Universal Basic Income for Developing Countries?

By Jurin Katayama Flores

Over the past decade, nations have observed that their increase in income inequality, as well as technologies replacing elementary occupations, have had negative effects on job security. In order to alleviate this issue, governments present benefits to vulnerable and eligible individuals, provided that these recipients meet the welfare conditionalities, such as being employed or attaining education.  However, the limitations of a conditional form of redistribution include that not all vulnerable individuals are eligible, propelling the argument for implementing a Universal Basic Income (UBI) – an unconditional and uniform transfer for every individual on a recurring basis – as some, including Elon Musk and Andrew Yang, believe that the latter will reduce administrative costs in welfare schemes and eliminate poverty.

Changing from a conditional form of redistribution to UBI, nevertheless, is met with concerns. First, the feasibility of including all individuals as recipients means higher costs for the government. Second, the government fears that UBI will result in reduced work incentives and people to become “more idle”. Thus, the question arises: is UBI feasible for developing countries?

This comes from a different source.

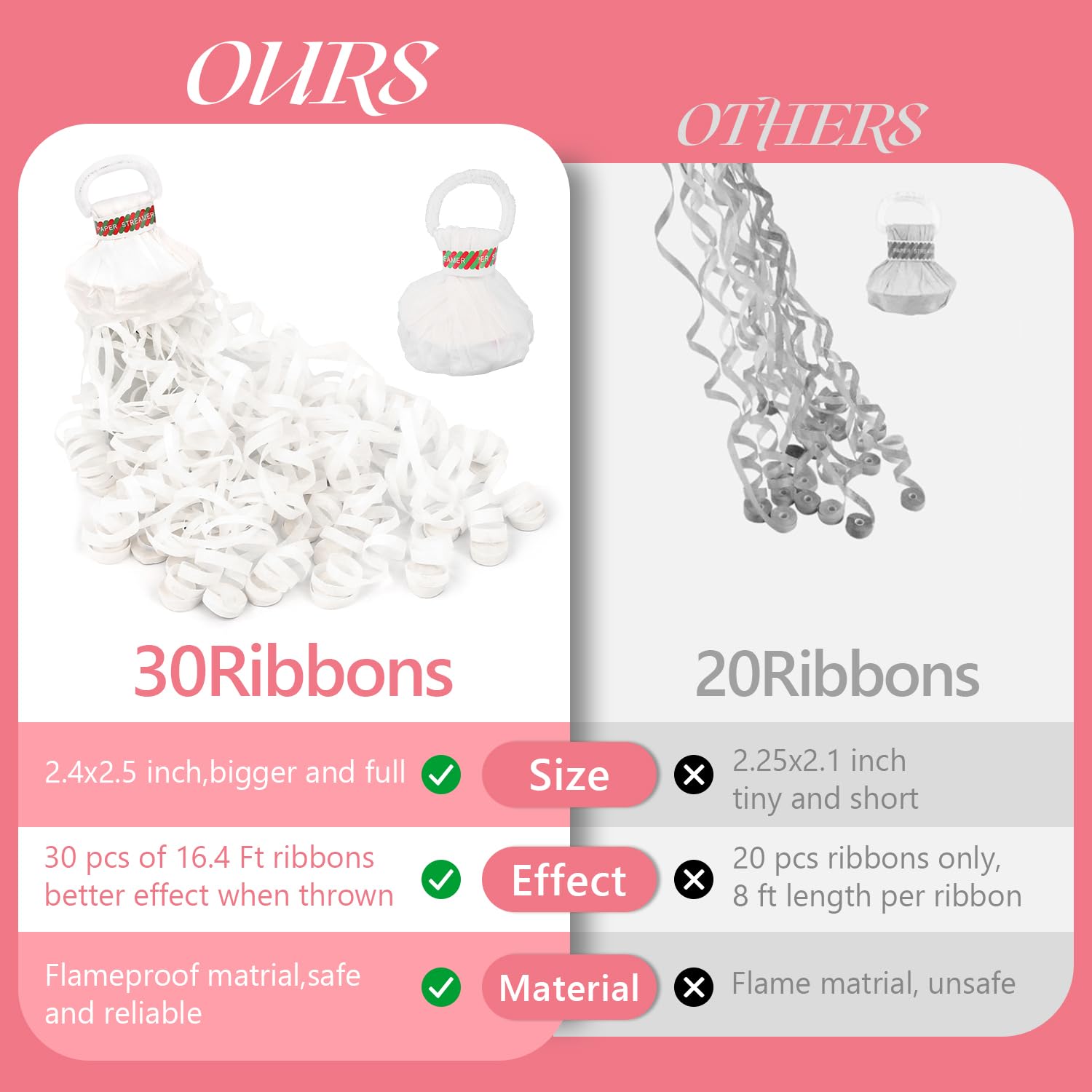 Features & Benefits:Application: These paper hand throw streamers poppers can be used for any party, which add atmosphere to special events such as weddings, celebrations, parties, anniversary, birthday, Valentines Day christmas, new year eve party, graduation party, championship games, award ceremony, confetti day and more!Specifications:Quantity: 10 packColor: WhiteMaterial: tissue paperNote:Please keep them away from children in case they eat themPlease save in a cool dry place, keep the colors, extend shelf life

Is it even desirable in the first place?

Could developing nations afford a switch to UBI?

In order for everyone to receive a UBI, we must first decide on the amount of this transfer. If UBI is used to relieve poverty, we must set the minimum income to the estimated international poverty line – the minimum income that is enough to provide basic needs for an individual – is US$57 a month.

Let us choose the Philippines as an example of a developing country. Considering that the Philippine population in April 2020 is 100.98 million people, UBI would cost a whopping US$69 billion per annum if UBI is set to the estimated international poverty line. Even supposing that current social schemes were to be abolished and that total tax revenue were to be redirected towards UBI, the 2017 annual tax revenue of US$54.92 billion, raised through the progressive income tax system, would not be sufficient to fund this switch. Therefore, the only way to afford UBI would be to increase the marginal tax rate.

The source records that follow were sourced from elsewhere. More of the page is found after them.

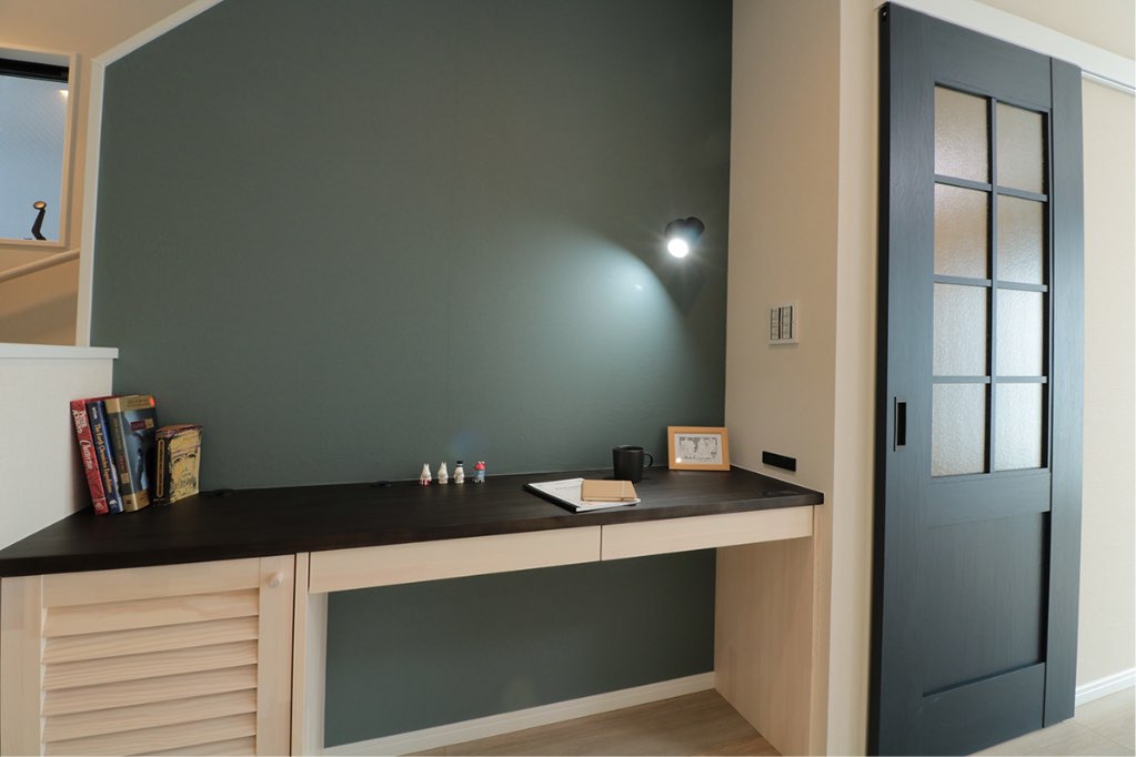 ダイニングの脇には、キッチンからも目が届く、無垢材のカウンタースペースを。アイロンをかけたり、子供の勉強を一緒に見たりと、用途を絞り込まず、親も子どもも様々な使い方ができるスペースです。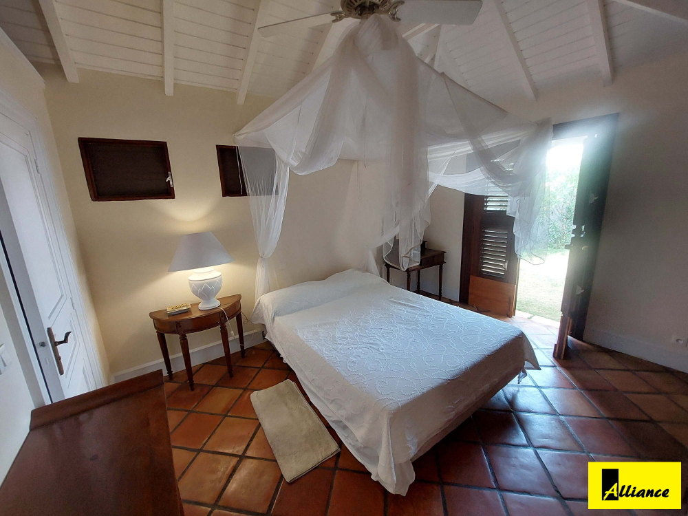 Sur la Baie Nettlé, villa de plain-pied de 5 pièces d'une superficie de 150m2 environ comprenant un grand salon / salle à manger, une cuisine américaine, 4 chambres, 3 sanitaires décorée dans un style créole avec parquet en bois rouge, jalousie aux portes et toit cathédrale. Ce bien a beaucoup de cachet!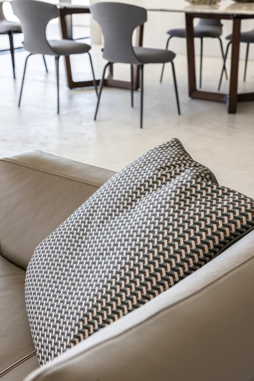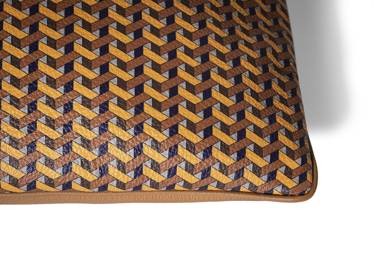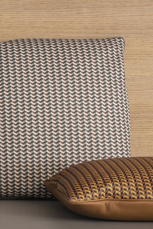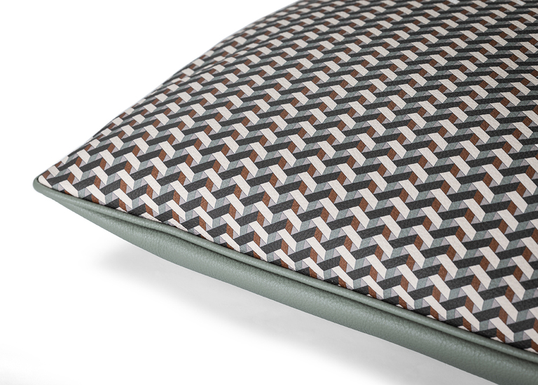 Poltrona Frau offers a wide range of decorative cushions for interior spaces. An addition to the refined fabrics in linen, silk and velvet and the wide range of upholstery in Pelle Frau leather is the Pelle Frau Motif Weavers, a decoration in digitally printed multicoloured leather that recalls the world of weaving, wicker and basketry. There are two colour variants available, Sage and Cinnamon. Both colours can be matched with Pelle Frau ColorSphere leather, the colour alphabet that allows Poltrona Frau to harmonise its furnishing accessories across the brand through colours and materials.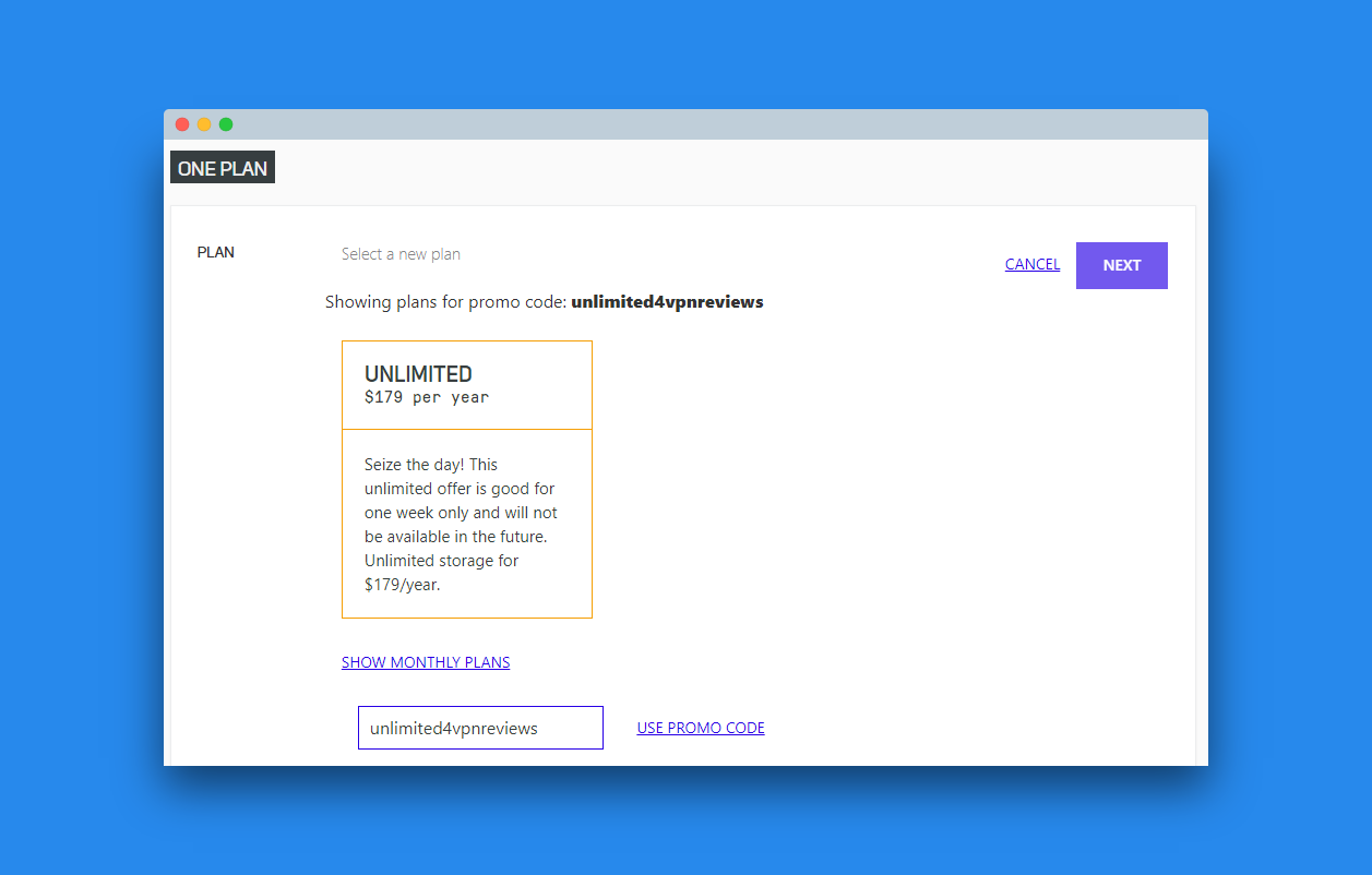 The promo code to enter on your account page to upgrade to Unlimited is: unlimited4vpnreviews.

The feasibility of implementing UBI would therefore depend upon how agreeable the tax-paying individuals are to an increase in marginal tax rate. Considering that only certain individuals in developing countries contribute to tax revenue, the amount of increase in marginal tax rate needed to cover UBI may be too high to be politically feasible. As a result, welfare state may settle for a lower marginal tax rate that will not be enough.

Would developing countries even want a UBI?

A developed country, such as the UK, where technologies are advancing yet job insecurity is rising, would desire a welfare scheme that will maintain enough income during uncertain job conditions while maintaining incentives to work. However, a developing country, such as the Philippines, with a majority of the population in elementary occupations, would prioritize a welfare scheme that will promote education for future labor productivity.

Implementing a UBI affects people differently where some will experience an increase in net income, whereas those who experience an increased marginal tax rate will experience a decrease in net income. Those who experience an increase in their net income will of course, welcome the idea of UBI as they would be better off. There will be an income effect causing them to increase their hours of leisure and decrease work incentives, which will not be desired by the government. In contrast, the effects of those who experience a decrease in their net income will be ambiguous. On one hand, the decreased income will decrease demand for leisure, demonstrating an income effect. On the other hand, when wage rate decreases, leisure becomes cheaper and more attractive, demonstrating a substitution effect. Therefore, the change in hours of leisure for the rich would depend on whether the income or substitution effect will dominate. It is normally considered that tax rate increase results in substitution effect dominating, and thus overall, we could assume that this group of people will also increase their hours of leisure, which will not be desired by the government.

Closing thoughts

Is UBI feasible and desirable for developing countries? The short answer is no, but it is definitely more complicated than that. Regarding feasibility, a UBI set to the poverty line would only be achieved if there was an increase in marginal tax rate. Although not impossible, it is unrealistic to assume that rich individuals would accept a large increase in marginal tax rate considering the political climate of many developing nations. The desirability of UBI is more complicated. This article has declared that the government will oppose UBI as it will cause an increase in hours of leisure. However, some may argue that an increase of leisure is good for the country as it will provide time for individuals to invest in their education, improving the workforce of the country in the long run. Although that may be true for some individuals, the investment into education is not guaranteed by the UBI. Instead, a conditional form of redistribution (where its conditions include attaining education) will incentivize and guarantee individuals to make the government’s desired choice. Consequently, these concerns establish the UBI may not yet be appropriate for developing countries.